Vom 3D-Modell zu allen erforderlichen Ergebnissen
Betonversagen
Wenn ein Betonversagen die Bemessung maßgebend beeinflusst, lautet die entscheidende Frage nicht nur was versagt hat, sondern wie die Bemessung geändert werden kann, um die Tragfähigkeit zu erhöhen. Die häufigsten Möglichkeiten sind:
Vergrößerung des Betonblocks (wirksamste Option)
- Vergrößerung der Randabstände und der Gesamtabmessungen des Blocks
- Verbesserung der Einbettungsbedingungen und Spannungsverteilung
- Verbessert direkt den Widerstand gegen:
- Betonkegelversagen
- Kantenausbruch
- Querkraftausbruch
Dies ist in der Regel die einfachste und effizienteste Lösung, sofern die Geometrie es zulässt. Die WENN-Bedingung ist ein entscheidender Bemessungsparameter. In vielen Fällen, wie z. B. bei der Verankerung in einer Stütze oder einer anderen stark eingeschränkten Geometrie, ist es schlicht nicht möglich, Randabstände zu vergrößern oder den Betonblock zu erweitern. In diesen Situationen muss eine andere Strategie angewendet werden.
Bewehrung hinzufügen
- Zusätzliche Bewehrung um Anker hilft, den Beton einzuspannen
- Verbessert die Duktilität und den Widerstand gegen Rissbildung
- Besonders wirksam bei:
- Spaltzugversagen
- Kegelausbruch unter eingeschränkten Bedingungen
Dies ist oft notwendig, wenn die Geometrie nicht wesentlich vergrößert werden kann.
Hohe Querkräfte
Bei hohen Querkräften geht die Verankerungsbemessung schnell von einer „Standardverbindung" in ein Problem über, bei dem der Lastübertragungsmechanismus entscheidend wird. In diesen Fällen haben Sie im Allgemeinen mehrere Möglichkeiten, die Tragfähigkeit zu erhöhen oder den Versagensmodus zu ändern:
Schubknaggen verwenden
- Querkraftübertragung durch Auflagerdruck, nicht durch Ankerschrauben
- Reduziert die Querkraftbeanspruchung der Anker erheblich
Oder Anker + Kopfbolzen verwenden
Ein Kopfbolzensystem ist primär dafür ausgelegt, Lasten durch Auflagerdruck und Querkraft im Beton zu übertragen, während konventionelle Anker (nachträglich eingebaute Anker oder einbetonierte Schrauben) in ihrer Funktion oft flexibler sind (Zug, Positionierung, Einbaurandbedingungen).

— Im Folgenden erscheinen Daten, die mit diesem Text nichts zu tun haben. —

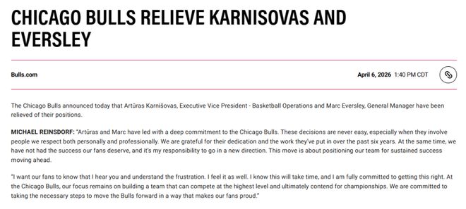 公牛队首席执行官兼总裁迈克尔-雷恩斯多夫发表声明称:“阿尔图拉斯和马克始终全心投入、倾力带领芝加哥公牛队。做出这样的决定从来都不容易,尤其是涉及到我们在个人和职业层面都十分敬重的人。我们由衷感谢他们过去六年来的付出与奉献。但与此同时,球队未能拿出球迷们理应期待的成绩,而我有责任带领球队开启新的方向。此次人事变动,旨在为球队未来的长期成功奠定基础。我想让球迷们知道,我听到了你们的声音,也理解大家的失望,我同样感同身受。我知道这需要时间,也会全力以赴把这件事做好。在芝加哥公牛,我们的目标始终是打造一支能在最高水平赛场竞争、最终冲击总冠军的球队。我们将采取一切必要措施推动公牛前进,不辜负球迷的骄傲与期待。”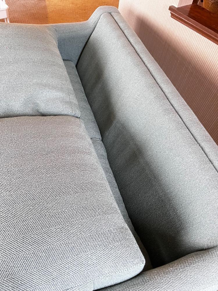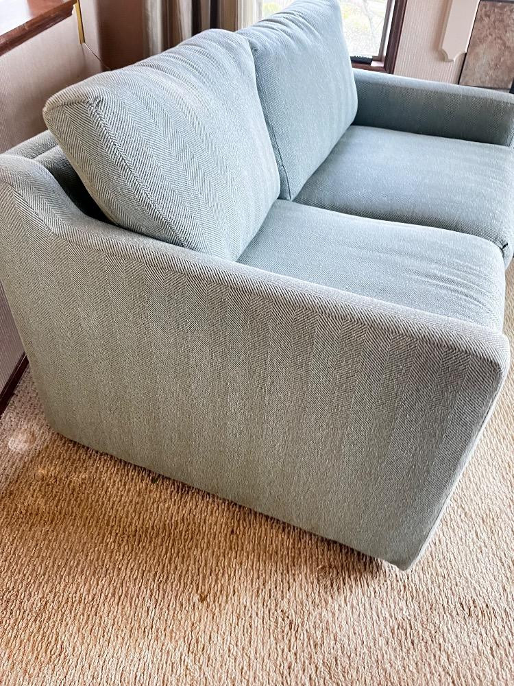 Lot # 54 - Compact 2-Seater Teal Love Seat - Upholstered Sofa, Textured Fabric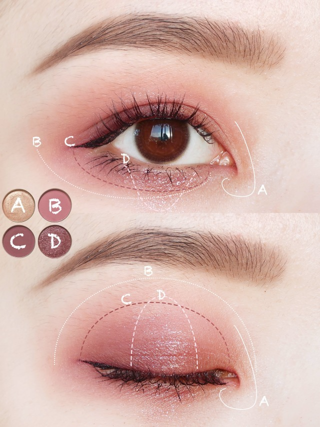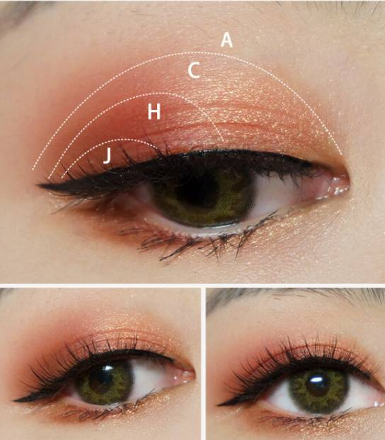比三色眼影的画法多加一个珠光色,会让眼睛更加有神。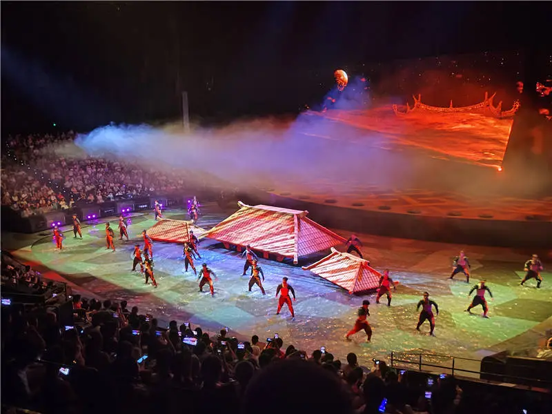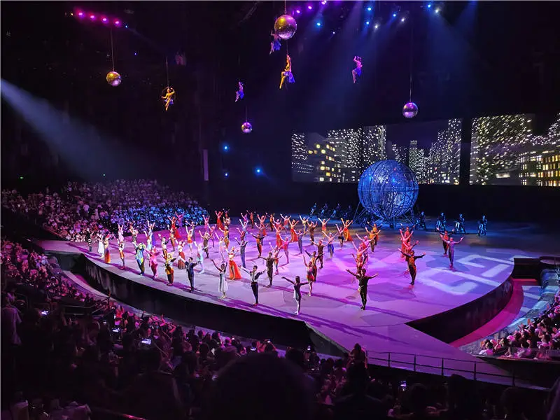 表演通过惊险动作和科技手段创造难忘印象:在24米高空,金菊奖高空团队表演精准的抛接,白色粉末随表演飘散;在“12飞十字球”的铁笼中,摩托车手完成90度垂直下坠并360度旋转,车轮间距极小;从27.5米高的台子跳下,表演者以每小时80公里的速度撞击水面,承受十倍体重的巨大力量。高空绳索的曼妙舞动,穿插着小丑的诙谐表演,观众心情起伏,最终以雷鸣般的掌声掀起“沸腾海洋”。

Wenn Sie diese kombinieren, erstellen Sie im Wesentlichen ein hybrides Lastübertragungssystem, bei dem:
- Kopfbolzen die Querkraft durch direkten Auflagerdruck in den Beton übernehmen
- Anker die Zugkräfte aufnehmen
Umfassender Arbeitsablauf
IDEA StatiCa Detail ist speziell für diese problematischeren Verankerungs- und Betondetaillierungsfälle konzipiert. Die Verknüpfung mit IDEA StatiCa Connection ermöglicht einen vollständig integrierten Arbeitsablauf, bei dem die Bewehrung direkt im Modell bemessen werden kann, ohne von vorne beginnen zu müssen.
Wenn die Kräfte oder Bemessungsbedingungen in IDEA StatiCa Connection aktualisiert werden, kann das Modell in IDEA StatiCa Detail einfach aktualisiert werden. Die Schnittgrößen werden automatisch neu berechnet, während die zuvor bemessene Bewehrung oder die angepasste Betonblockgeometrie erhalten bleibt. Dies reduziert die Anzahl der iterativen Schritte im Bemessungsprozess erheblich. Nach der Aktualisierung reicht es oft aus, die Analyse in Detail erneut auszuführen.
Es ermöglicht auch die Kombination verschiedener Lastübertragungsmechanismen innerhalb eines Modells, beispielsweise Kopfbolzen zusammen mit Bewehrung, was typisch für die Einbetonierte-Platte-Bemessung ist. Insgesamt ermöglicht dies den Übergang von einem vereinfachten Verbindungsmodell zu einem detaillierten und physikalisch konsistenten Stahlbetonstruktur-Modell, ohne die Kontinuität des Bemessungsablaufs zu unterbrechen.
Siehe das Tutorial für einen detaillierten Arbeitsablauf.
Fazit
Ob Sie es mit komplexeren Verankerungssituationen zu tun haben oder beispielsweise mit Ankern, die nahe an einer Kante platziert sind – der kombinierte Einsatz von Werkzeugen kann die Bemessung weiter voranbringen als je zuvor. Es hilft, Situationen zu vermeiden, in denen der Arbeitsablauf eine sogenannte „Sackgasse" erreicht, in der Standardmethoden nicht mehr ausreichen.
Mit zusätzlichen Funktionen wie Importfunktionen, Synchronisierung zwischen IDEA StatiCa Connection und IDEA StatiCa Detail, API-Integration und integrierten Freigabeoptionen ist es möglich, einen hocheffizienten Arbeitsablauf einzurichten. Dies optimiert nicht nur den Bemessungsprozess, sondern reduziert den Aufwand erheblich und spart Zeit.